• **Instructions to follow**
Pictures in the entries below are excluded; copy only the lines from the one containing "Ornate golden jewelry" to the one containing "Sonoff 4CH Pro.", both included.

Records excerpted from a collection
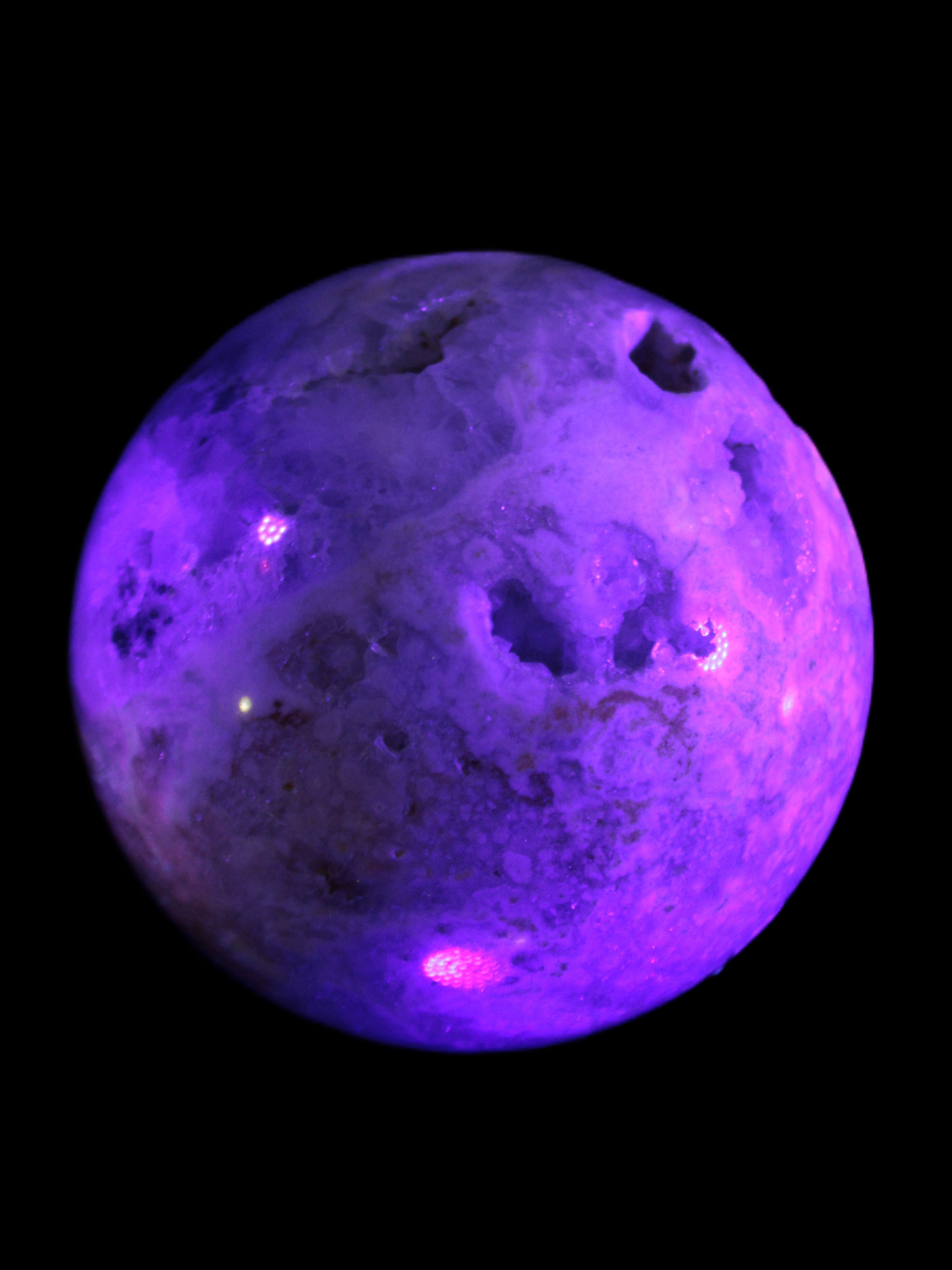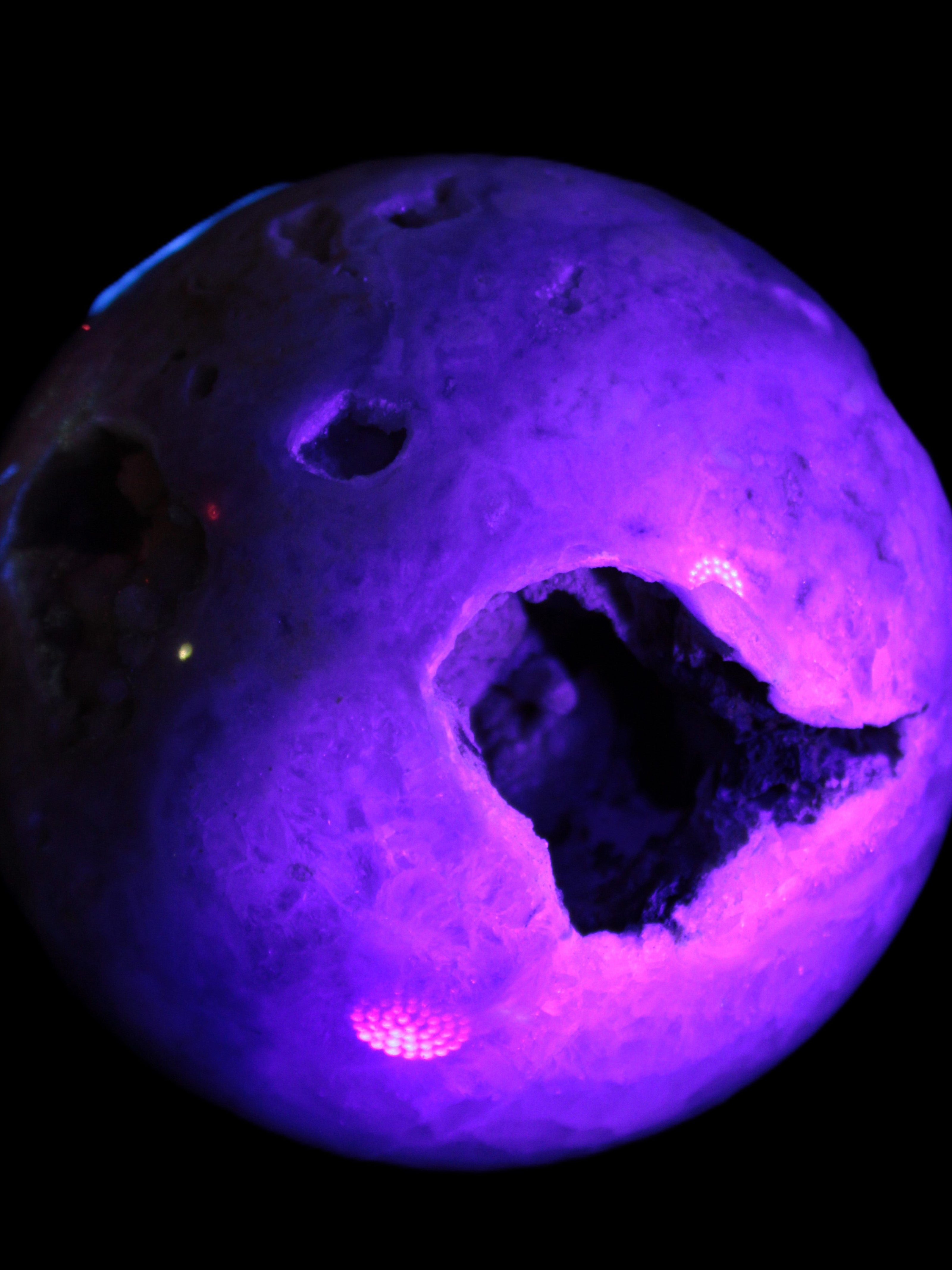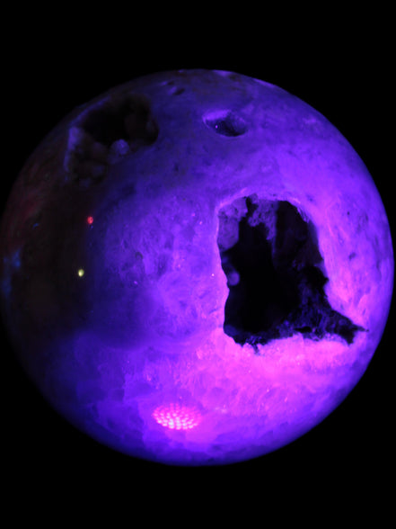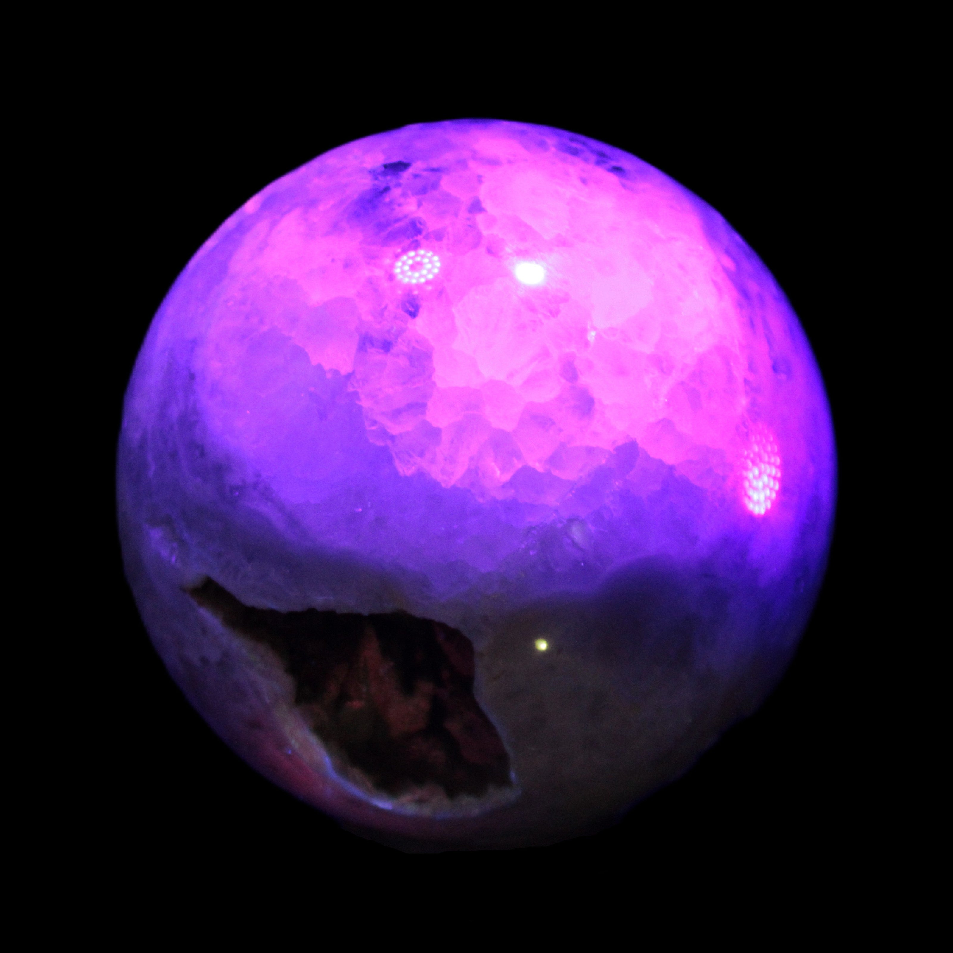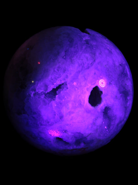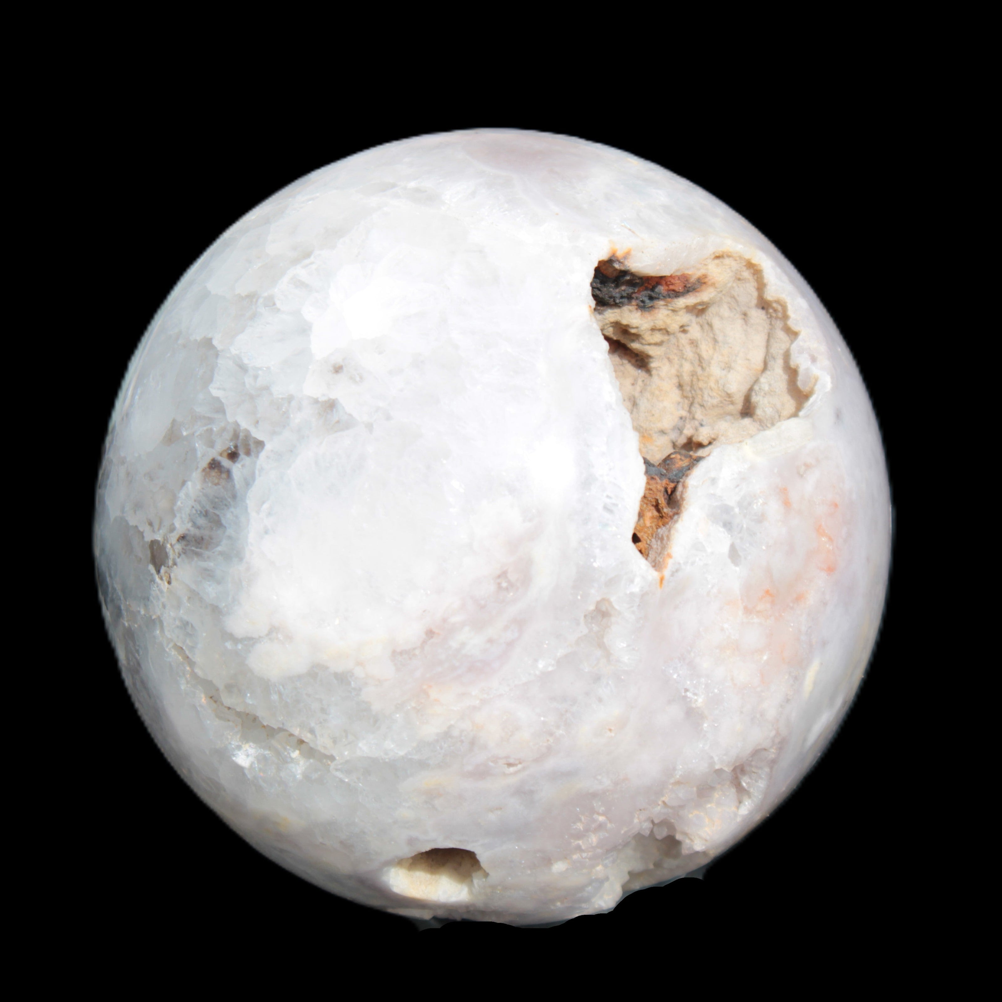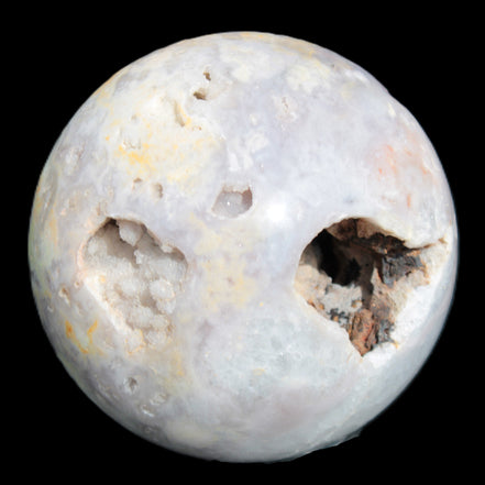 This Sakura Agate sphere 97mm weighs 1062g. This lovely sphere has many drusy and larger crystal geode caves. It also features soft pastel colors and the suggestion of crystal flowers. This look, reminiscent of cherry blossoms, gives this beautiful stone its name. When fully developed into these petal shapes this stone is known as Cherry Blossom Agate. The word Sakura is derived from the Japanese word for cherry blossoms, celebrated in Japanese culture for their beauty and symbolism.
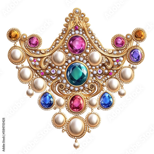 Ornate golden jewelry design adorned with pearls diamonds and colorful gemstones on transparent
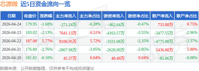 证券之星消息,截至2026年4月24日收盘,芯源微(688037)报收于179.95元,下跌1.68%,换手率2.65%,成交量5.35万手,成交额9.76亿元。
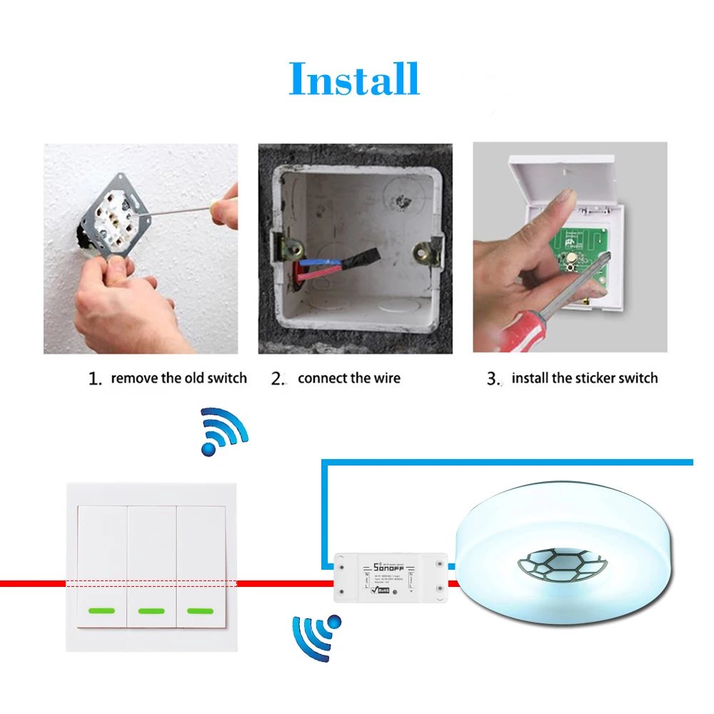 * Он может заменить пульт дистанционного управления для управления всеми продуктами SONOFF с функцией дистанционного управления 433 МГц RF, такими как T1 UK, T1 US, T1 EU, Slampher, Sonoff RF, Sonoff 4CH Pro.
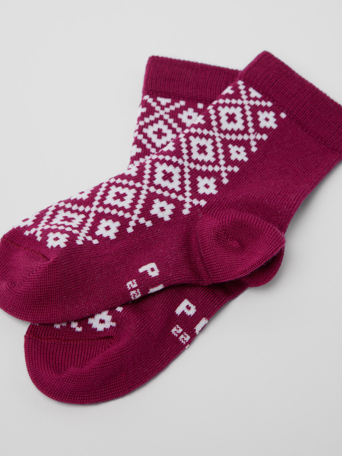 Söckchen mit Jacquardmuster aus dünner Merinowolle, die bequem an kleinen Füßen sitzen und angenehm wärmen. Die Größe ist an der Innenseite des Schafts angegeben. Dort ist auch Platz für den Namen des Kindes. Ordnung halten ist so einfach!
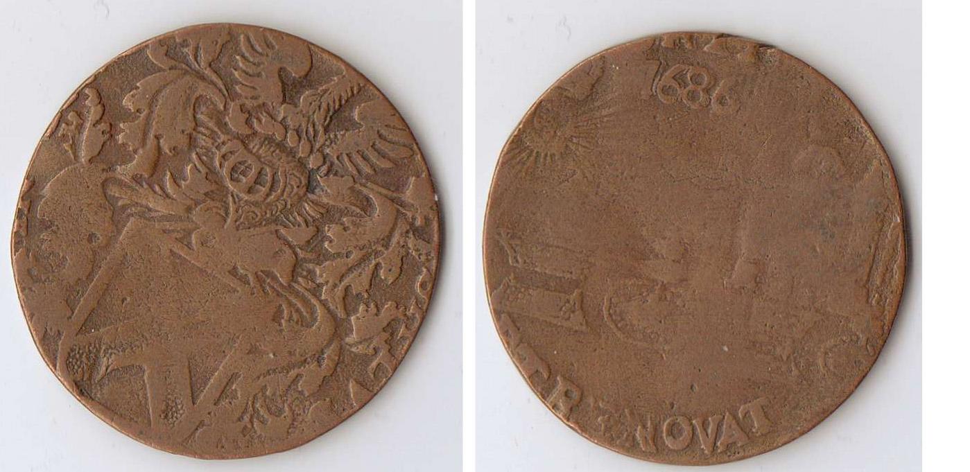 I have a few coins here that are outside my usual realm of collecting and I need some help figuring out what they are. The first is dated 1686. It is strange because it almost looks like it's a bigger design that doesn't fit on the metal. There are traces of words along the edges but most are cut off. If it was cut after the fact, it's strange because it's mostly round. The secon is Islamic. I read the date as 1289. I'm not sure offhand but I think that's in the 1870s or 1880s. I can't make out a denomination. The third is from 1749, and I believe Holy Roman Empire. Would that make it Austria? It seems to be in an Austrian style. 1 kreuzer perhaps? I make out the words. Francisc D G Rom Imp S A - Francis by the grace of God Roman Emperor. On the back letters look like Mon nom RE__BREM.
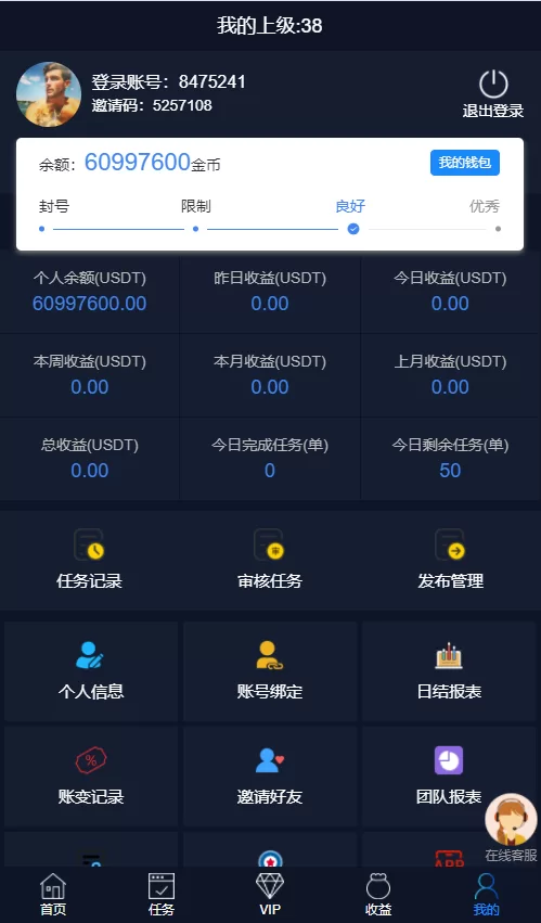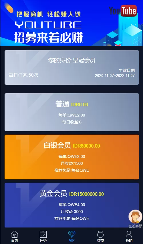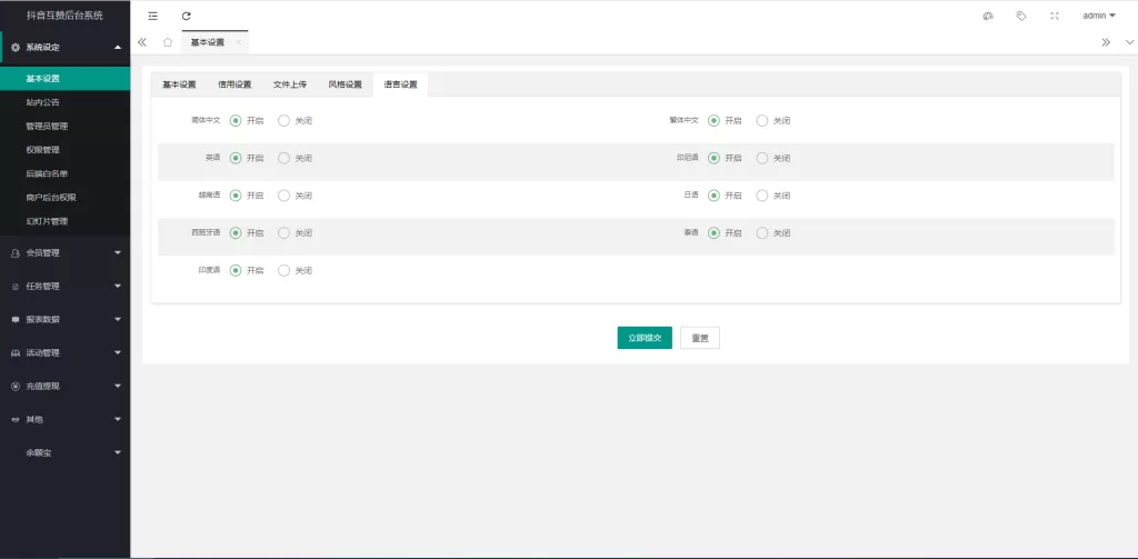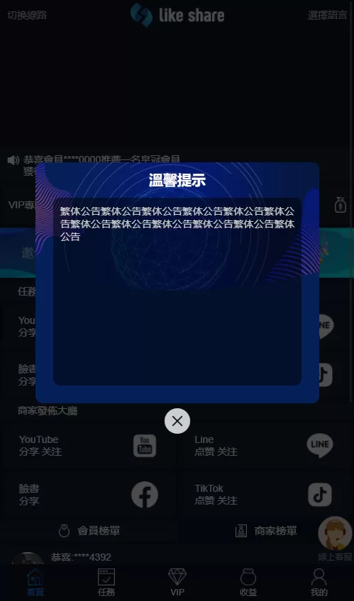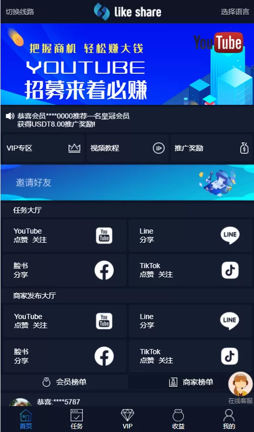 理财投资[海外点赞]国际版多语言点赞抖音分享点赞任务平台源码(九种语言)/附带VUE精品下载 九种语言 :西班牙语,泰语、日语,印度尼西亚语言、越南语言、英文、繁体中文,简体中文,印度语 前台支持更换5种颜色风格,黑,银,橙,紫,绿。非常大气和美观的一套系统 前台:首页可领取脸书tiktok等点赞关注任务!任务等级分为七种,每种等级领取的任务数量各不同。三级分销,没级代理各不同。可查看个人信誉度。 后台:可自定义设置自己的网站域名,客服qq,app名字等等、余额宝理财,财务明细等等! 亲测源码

• **Worked solution**
 Ornate golden jewelry design adorned with pearls diamonds and colorful gemstones on transparent
 证券之星消息,截至2026年4月24日收盘,芯源微(688037)报收于179.95元,下跌1.68%,换手率2.65%,成交量5.35万手,成交额9.76亿元。
 * Он может заменить пульт дистанционного управления для управления всеми продуктами SONOFF с функцией дистанционного управления 433 МГц RF, такими как T1 UK, T1 US, T1 EU, Slampher, Sonoff RF, Sonoff 4CH Pro.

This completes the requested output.